There were at least 50,000 investors in the alleged fraud.
Mansfield said today that while Gong has not admitted any crimes himself, an entity involved in the scheme in Canada has pleaded guilty to two charges of operating a pyramid scheme and conducting fraud through forged documents.
This year, Gong admitted in a record-breaking settlement he was using New Zealand as a safe haven for the proceeds of crime.
He forfeited more than $70m in the deal with the New Zealand police after his bank accounts here were frozen three years ago as part of a global investigation into his finances.
The forfeited property included more than $68m in cash and a property in East Tamaki Heights.
The asset recovery unit of the New Zealand Police was also involved in investigating $77m – alleged profits from the pyramid scheme – deposited into Gong’s New Zealand bank accounts over seven years.
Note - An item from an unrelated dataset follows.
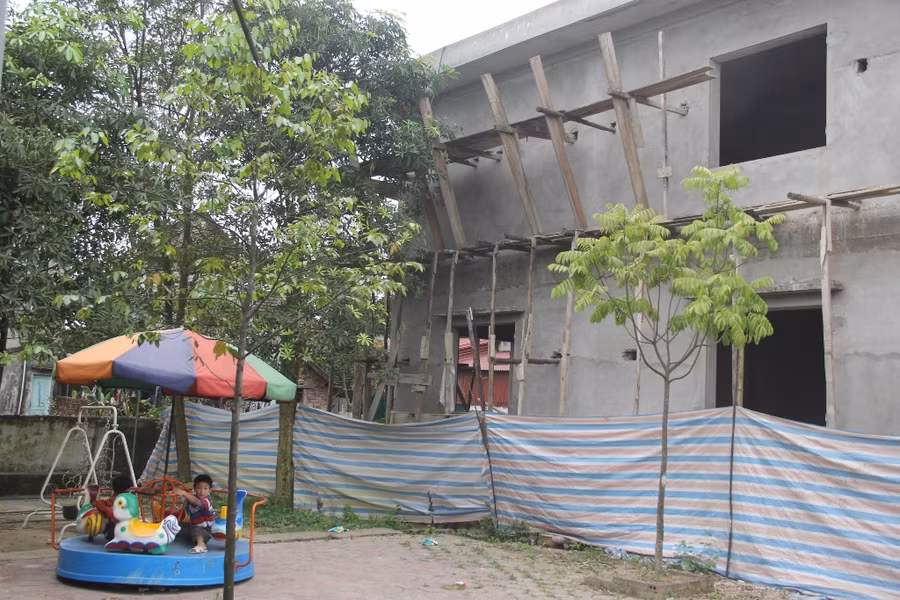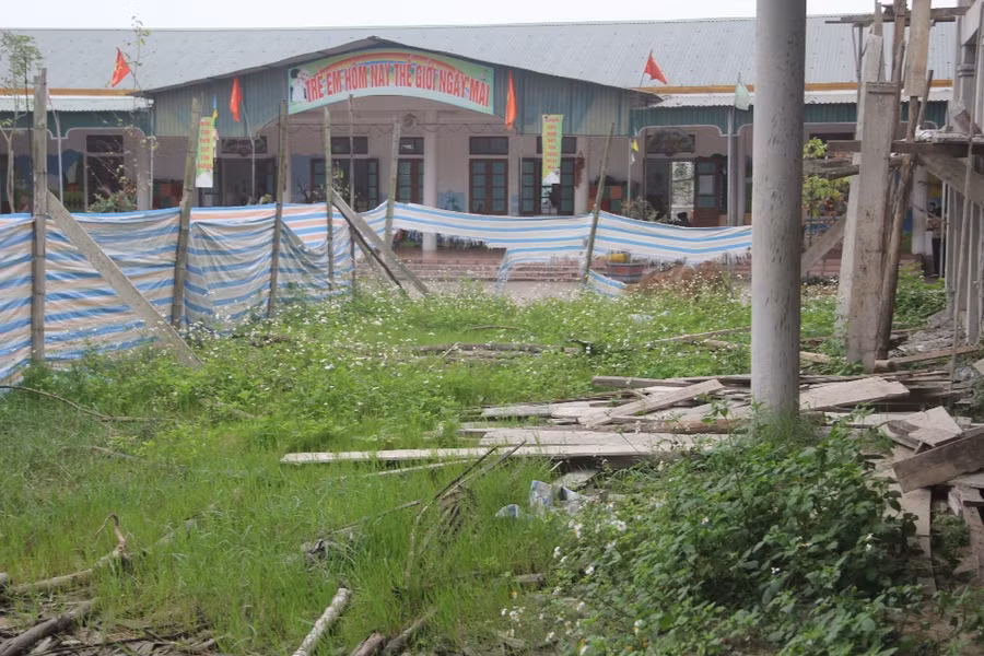 Có măt tại Trường Mầm non thị trấn Cẩm Xuyên ngày 9/4, theo ghi nhận của phóng viên, công trình không có một bóng công nhân nào đến thi công. Tính đến thời điểm hiện tại, công trình đã hoàn thành được phần xây dựng và gia cố các phòng học, còn các hạng mục khác như lát gạch, mái, cửa, sơn, sân bãi,... vẫn đang còn dang dở.

Police also discovered Gong’s brother Yu Ping Gong, a plumber in Auckland, had declared less than $1000 in income over five years – despite earning more than $2m in that time.
As a result, Yu Ping Gong lost nearly $5m worth of property as part of the settlement with police, as well as paying an outstanding tax bill of $1.2m.
At Fu’s High Court sentencing, the Crown also cited four Chinese convictions relating to forex trading and a money exchange business after it obtained documentation from the Ministry of Public Security in China. The convictions date back to March 2013.
However, Fu’s then defence lawyer, David Jones, QC, said material provided by any organ of the Chinese justice system cannot be seen as reliable.